#### EXERCISE MATERIAL ####

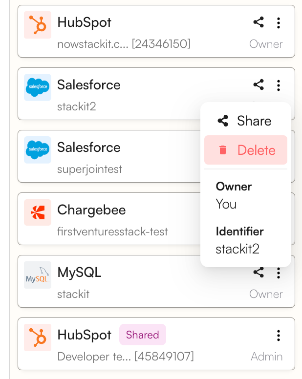 Click on the 3-dot menu of the Salesforce account you wish to delete. Click on Delete and confirm it.
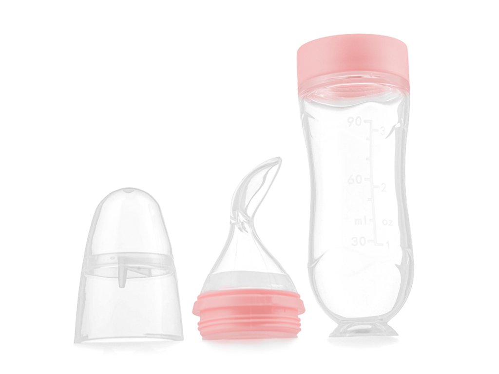Kidnort Silikónová fľaštička s lyžičkou Retter ružová
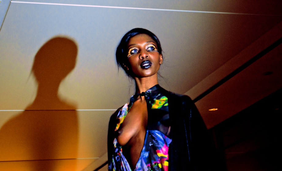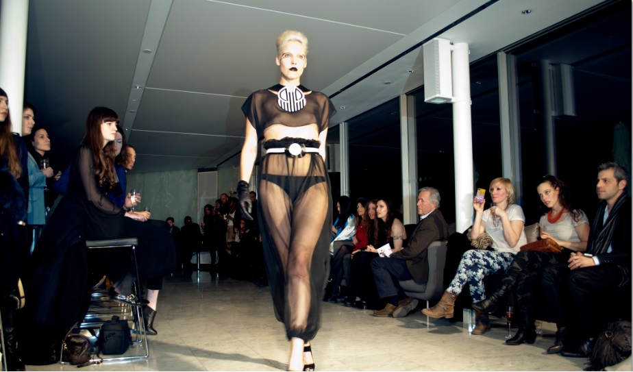 The first three models walked in on Pointe, with black ballet shoes and leotards. Each leotard bore a different motif of beautiful art, with white fringe on the shoulders of the garments. Every model wore black lipstick, with gold eyes and a small back beehive and we started to understand designer Mayka Finkelstein Amrami’s vision of art incorporated into fashion.
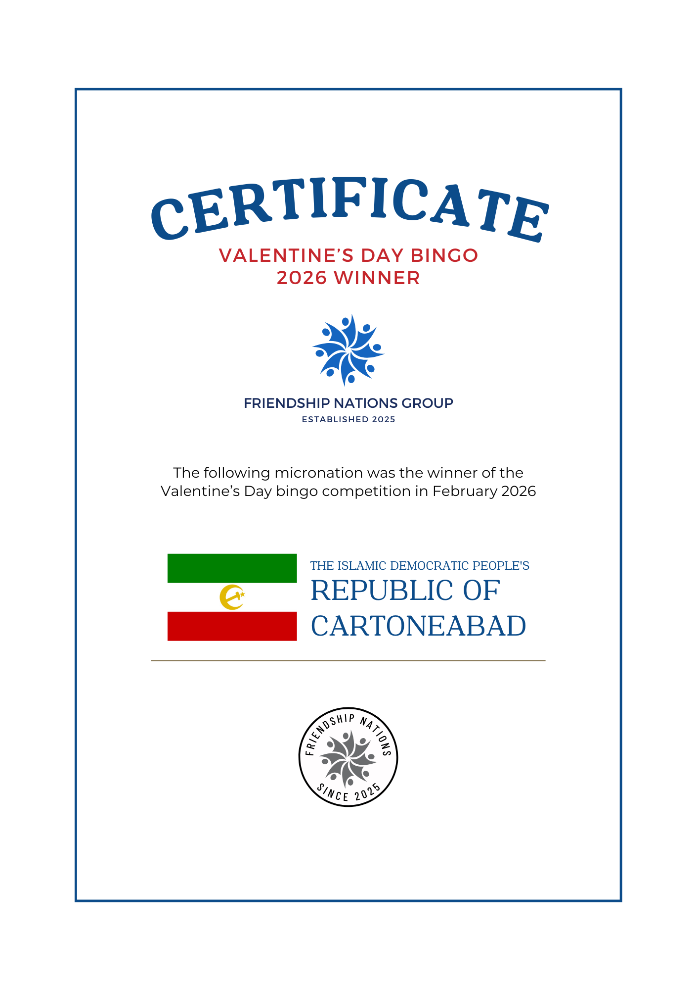Bingo Competition Winner:  The Islamic Democratic People's Republic of Cartoneabad
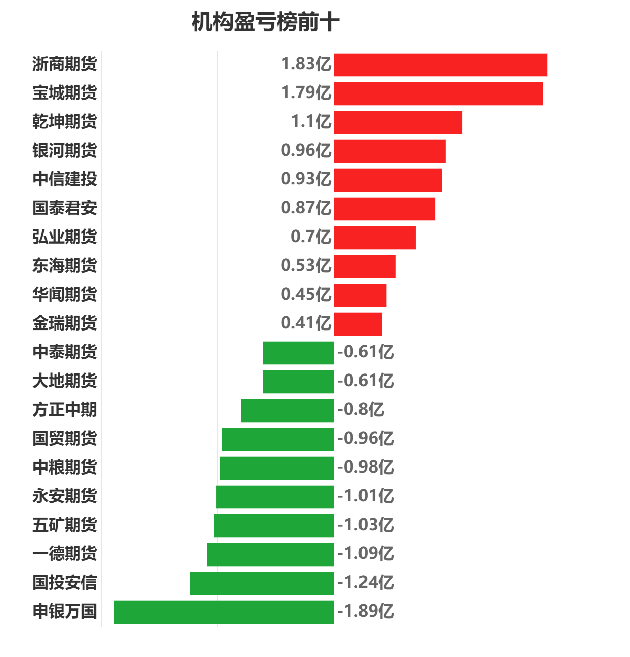 每日市场龙虎榜,带你深度了解市场。 市场一览:周一商品期货综合指数上涨0.02%,日内资金净流入36.00亿元。 市场成交量为3809.59万手,成交额为2.15万亿元。 持仓量为3915.17万手,较前一交易日增加12.50万手。 市场成交量前十和持仓量前十如下图所示: ![]() ![]() ![]() 品种盈亏榜:今日商品期货中玻璃盈利第一,为1.54亿元。 橡胶亏损第一,为1.93亿元。 ![]() 就玻璃而言,今日席位盈利前三为国泰君安、浙商期货、东吴期货,分别盈利12263.91万元、9862.46万元、3720.68万元。 今日席位亏损前三为中信期货、华泰期货、国投安信,分别亏损4874.15万元、3097.10万元、2503.90万元。 ![]() 就橡胶而言,今日席位盈利前三为徽商期货、光大期货、南华期货,分别盈利1788.48万元、1677.76万元、1394.69万元。 今日席位亏损前三为国投安信、国泰君安、浙商期货,分别亏损5066.85万元、3759.58万元、2692.85万元。 ![]() 席位盈亏榜:今日机构席位中浙商期货盈利第一,为1.83亿元。 申银万国亏损第一,为1.89亿元。 ![]() 就浙商期货而言,今日品种盈利前三为玻璃、棉花、螺纹钢,分别盈利9862.46万元、6916.56万元、4057.92万元。 今日品种亏损前三为纯碱、橡胶、PTA,分别亏损4196.29万元、2692.85万元、1481.78万元。 ![]() 就申银万国而言,今日品种盈利前三为玻璃、豆油、沪铜,分别盈利2383.26万元、1099.47万元、929.98万元。 今日品种亏损前三为铁矿石、PTA、螺纹钢,分别亏损8808.54万元、7059.59万元、3589.54万元。 ![]() 注:可通过点击东方财富期货PC端左侧“龙虎榜”栏目及东方财富期货APP行情页面“龙虎榜”栏目查看各类机构持仓及盈亏榜单信息。 ![]() ![]() 以上图表数据来源:东方财富Choice (文章来源:东方财富研究中心) (责任编辑:admin) |
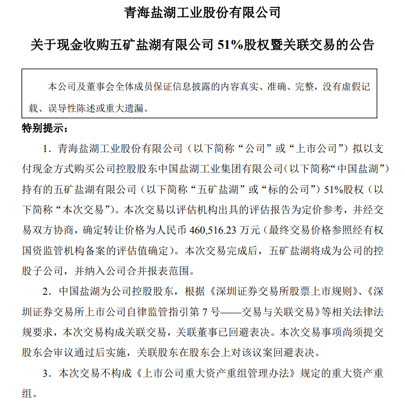 SMM 12月31日讯:12月30日,盐湖股份发布公告称,公司拟以46.05亿元现金收购控股股东中国盐湖工业集团有限公司持有的五矿盐湖有限公司51%股权。本次交易完成后,五矿盐湖将成为公司的控股子公司,并纳入公司合并报表范围。
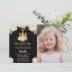 Photo Black Floral Glitter Princess Birthday Invitations
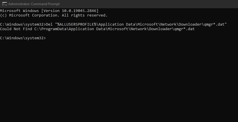 Del "%ALLUSERSPROFILE%\Application Data\Microsoft\Network\Downloader\qmgr*.dat"
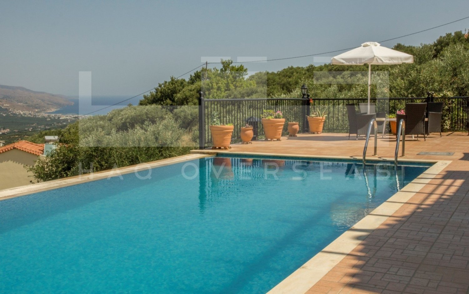 This is a spacious villa for sale in Kolymbari, Chania, Crete, located in the village of Vouves. The total living space of the villa is 148 m2, sitting on a 1000 m2 private plot, offering 5 bedrooms and 4 bathrooms. This 3 level property features on the ground floor a fully equipped fitted kitchen and dining area but also an airy and bright living room and a bathroom. The upper floor consists of a double bedroom with its balcony, providing unobstructed stunning views of the sea and the mountains. One more double bedroom and two ensuite bathrooms also exist on this floor. Additionally, the lower level of the villa offers 2 bedrooms and a laundry area, but also a bathroom and storage space under the stairs. The property is fully fenced with beautiful stone boundary walls and enjoys open views of the sea and mountains at every corner. Also, it boasts a private heated infinity swimming pool and a landscaped garden, creating an ideal environment for tranquility and relaxation. HiGHLiGHTS Living Space 148 m2 Plot of 1000 m2 5 Bedrooms & 4 Bathrooms Mountain & Sea Views Heated infinity Pool Central Heating Air-condition Units Landscaped Garden Storage Room Vouves is a rural settlement built on a hill offering panoramic views of the Cretan sea and countryside. it is a green area and it is very well known for the oldest olive tree in the world, aging over 3000 years and still producing olives. The beaches of Tavronitis & Kolymbari are just 7 and 8 kms away, where also all kind of amenities can be found.
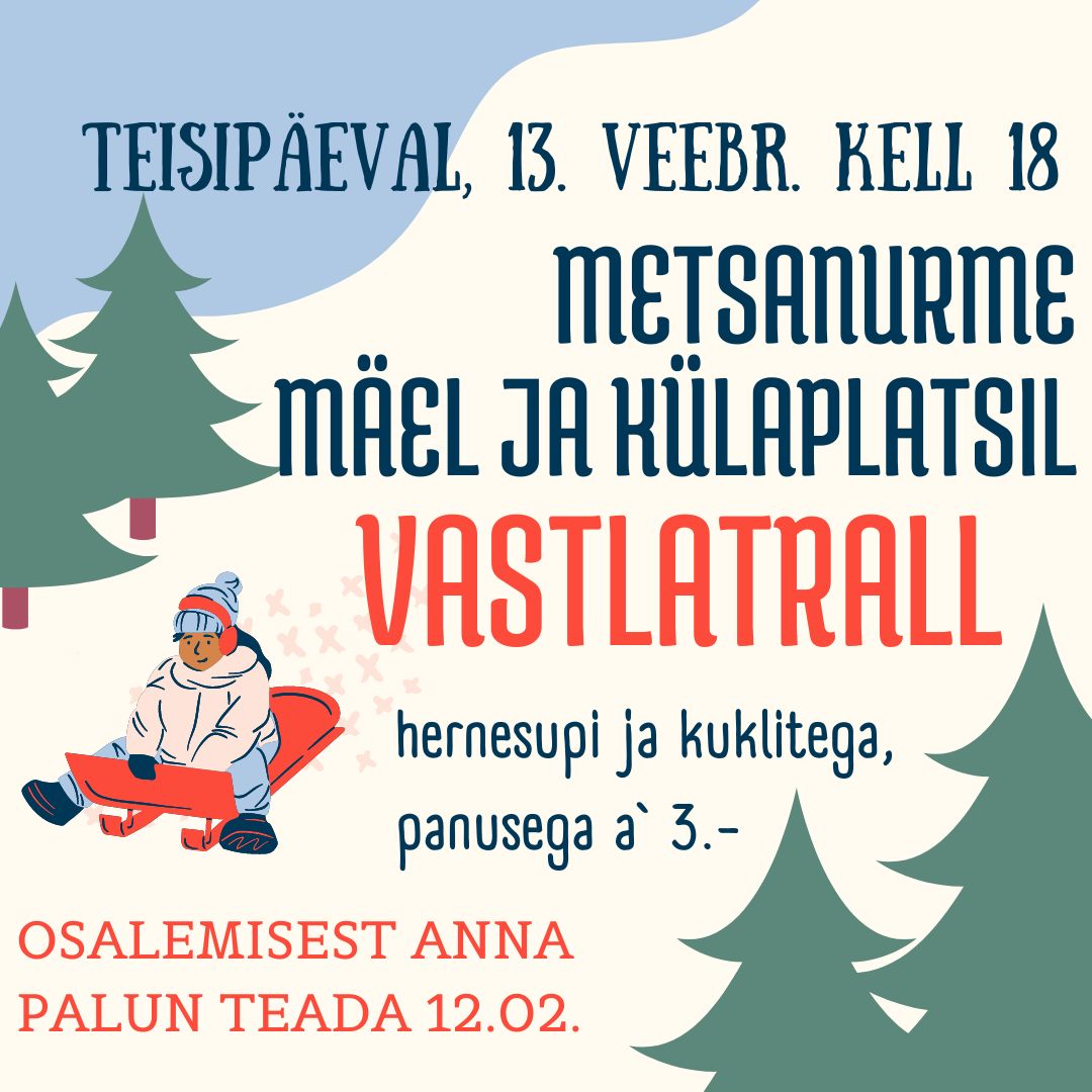 Lisaks pikima liu võistlusele sööme hernesuppi ja maiustame vastlakukliga. Palun anna oma osalemisest teada, et suppi ja kukleid piisav hulk saaks. Tee seda siitkaudu hiljemalt 12.02. https://forms.gle/aAdD3aYnKNJ5dvPcA
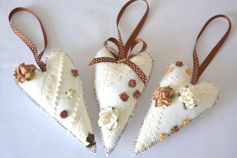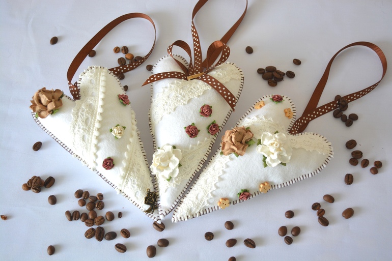 Сердечки из фетра тильда ваниль корица кофе шоколад

####

→ TASK TO CARRY OUT: Every line above has to be output exactly; the pictures must be dropped.

→ EXPECTED ANSWER:
 Click on the 3-dot menu of the Salesforce account you wish to delete. Click on Delete and confirm it.
Kidnort Silikónová fľaštička s lyžičkou Retter ružová
 The first three models walked in on Pointe, with black ballet shoes and leotards. Each leotard bore a different motif of beautiful art, with white fringe on the shoulders of the garments. Every model wore black lipstick, with gold eyes and a small back beehive and we started to understand designer Mayka Finkelstein Amrami’s vision of art incorporated into fashion.
Bingo Competition Winner:  The Islamic Democratic People's Republic of Cartoneabad
 每日市场龙虎榜,带你深度了解市场。 市场一览:周一商品期货综合指数上涨0.02%,日内资金净流入36.00亿元。 市场成交量为3809.59万手,成交额为2.15万亿元。 持仓量为3915.17万手,较前一交易日增加12.50万手。 市场成交量前十和持仓量前十如下图所示: ![]() ![]() ![]() 品种盈亏榜:今日商品期货中玻璃盈利第一,为1.54亿元。 橡胶亏损第一,为1.93亿元。 ![]() 就玻璃而言,今日席位盈利前三为国泰君安、浙商期货、东吴期货,分别盈利12263.91万元、9862.46万元、3720.68万元。 今日席位亏损前三为中信期货、华泰期货、国投安信,分别亏损4874.15万元、3097.10万元、2503.90万元。 ![]() 就橡胶而言,今日席位盈利前三为徽商期货、光大期货、南华期货,分别盈利1788.48万元、1677.76万元、1394.69万元。 今日席位亏损前三为国投安信、国泰君安、浙商期货,分别亏损5066.85万元、3759.58万元、2692.85万元。 ![]() 席位盈亏榜:今日机构席位中浙商期货盈利第一,为1.83亿元。 申银万国亏损第一,为1.89亿元。 ![]() 就浙商期货而言,今日品种盈利前三为玻璃、棉花、螺纹钢,分别盈利9862.46万元、6916.56万元、4057.92万元。 今日品种亏损前三为纯碱、橡胶、PTA,分别亏损4196.29万元、2692.85万元、1481.78万元。 ![]() 就申银万国而言,今日品种盈利前三为玻璃、豆油、沪铜,分别盈利2383.26万元、1099.47万元、929.98万元。 今日品种亏损前三为铁矿石、PTA、螺纹钢,分别亏损8808.54万元、7059.59万元、3589.54万元。 ![]() 注:可通过点击东方财富期货PC端左侧“龙虎榜”栏目及东方财富期货APP行情页面“龙虎榜”栏目查看各类机构持仓及盈亏榜单信息。 ![]() ![]() 以上图表数据来源:东方财富Choice (文章来源:东方财富研究中心) (责任编辑:admin) |
 SMM 12月31日讯:12月30日,盐湖股份发布公告称,公司拟以46.05亿元现金收购控股股东中国盐湖工业集团有限公司持有的五矿盐湖有限公司51%股权。本次交易完成后,五矿盐湖将成为公司的控股子公司,并纳入公司合并报表范围。
 Photo Black Floral Glitter Princess Birthday Invitations
 Del "%ALLUSERSPROFILE%\Application Data\Microsoft\Network\Downloader\qmgr*.dat"
 This is a spacious villa for sale in Kolymbari, Chania, Crete, located in the village of Vouves. The total living space of the villa is 148 m2, sitting on a 1000 m2 private plot, offering 5 bedrooms and 4 bathrooms. This 3 level property features on the ground floor a fully equipped fitted kitchen and dining area but also an airy and bright living room and a bathroom. The upper floor consists of a double bedroom with its balcony, providing unobstructed stunning views of the sea and the mountains. One more double bedroom and two ensuite bathrooms also exist on this floor. Additionally, the lower level of the villa offers 2 bedrooms and a laundry area, but also a bathroom and storage space under the stairs. The property is fully fenced with beautiful stone boundary walls and enjoys open views of the sea and mountains at every corner. Also, it boasts a private heated infinity swimming pool and a landscaped garden, creating an ideal environment for tranquility and relaxation. HiGHLiGHTS Living Space 148 m2 Plot of 1000 m2 5 Bedrooms & 4 Bathrooms Mountain & Sea Views Heated infinity Pool Central Heating Air-condition Units Landscaped Garden Storage Room Vouves is a rural settlement built on a hill offering panoramic views of the Cretan sea and countryside. it is a green area and it is very well known for the oldest olive tree in the world, aging over 3000 years and still producing olives. The beaches of Tavronitis & Kolymbari are just 7 and 8 kms away, where also all kind of amenities can be found.
 Lisaks pikima liu võistlusele sööme hernesuppi ja maiustame vastlakukliga. Palun anna oma osalemisest teada, et suppi ja kukleid piisav hulk saaks. Tee seda siitkaudu hiljemalt 12.02. https://forms.gle/aAdD3aYnKNJ5dvPcA
 Сердечки из фетра тильда ваниль корица кофе шоколад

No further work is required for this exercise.